Querida Violeta, como tens passado? Por aqui os dias continuam os mesmos, a aldeia continua a mesma, tal como a deixaste. As pessoas parecem nem ter reparado na tua ausência. A vida delas é monótona comparado ao que a tua é agora. Continuam a reunir-se no largo da igreja para a missa das sete. E o sino toca. Toca como se nunca cá estivesses estado, com a simples função de nos lembrar que estamos a ficar cada vez mais velhos, a cada hora que passa.
Esta manhã choveu. Pergunto-me sobre o estado do tempo por aí... Choveu como no dia em que te foste embora. Com a excepção que não nevou. Porque já não está tempo para isso. Lembro-me perfeitamente do que tinhas vestido naquele dia.
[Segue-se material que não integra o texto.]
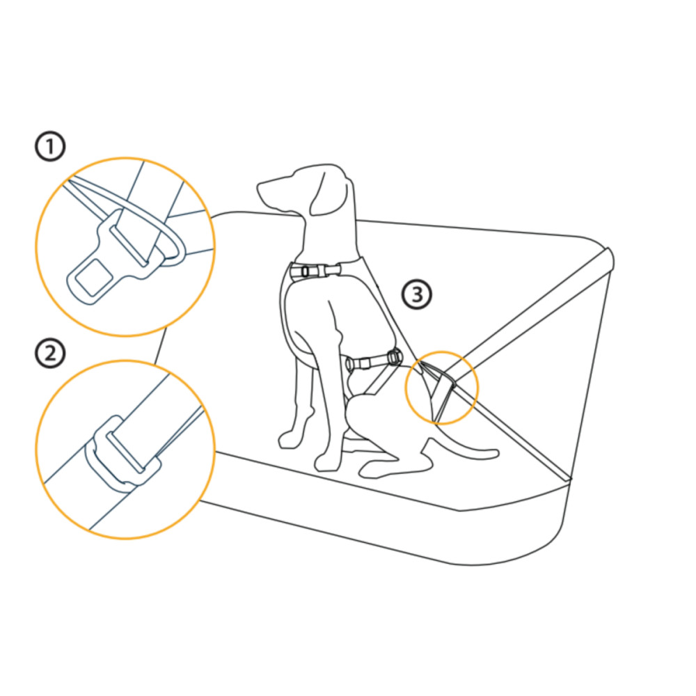 Просто пропустите стандартный ремень безопасности автомобиля через специальную петлю на спине шлейки и зафиксируйте его в замке, как обычно.

Estavas com um vestido branco - tal como a neve que não parava de cair - e usavas também as tuas botas vermelhas - aquelas velhas que encontrámos um dia no lixo da D. Amélia e que um dia mais tarde, ela te culpou por roubo, dizendo que foste a casa dela e lhe partiste o vidro da sala para as tirares do armário. Mal sabia ela que tinha sido o nosso amigo Pedro, ao tentar entrar no quarto da filha da D. Amélia. Nessa altura eles estavam a namorar às escondidas. Éramos as únicas que sabiam disso, não sei se te lembras...
No dia em que partiste, gastámos seis rolos fotográficos. Tu ficaste com três e eu com os outros três. Ainda os tenho, na minha gaveta das memórias. Acho que foi a maneira mais justa de os dividir. Apesar de tu teres ficado com os melhores. Gostava de ter dito muita coisa, antes de teres tomado a decisão que tomaste. Não sei se foi melhor assim, mas deixaste-me sozinha. Não me chames de egoísta ou presunçosa, mas tu, como minha melhor amiga que eras - e ainda és -, podias não ter feito o que fizeste. Vejo a tua mãe, muito raramente, mas quando a vejo, está sempre de preto. Tal como a vi no teu funeral. Não sei se sabes, mas guardei o teu revólver na minha gaveta, em cima das nossas fotografias. Ponderei uma estadia eterna contigo, onde quer que estejas. Vou-me guardar para depois da missa. A das sete. Guarda-me um lugar por aí. Até já.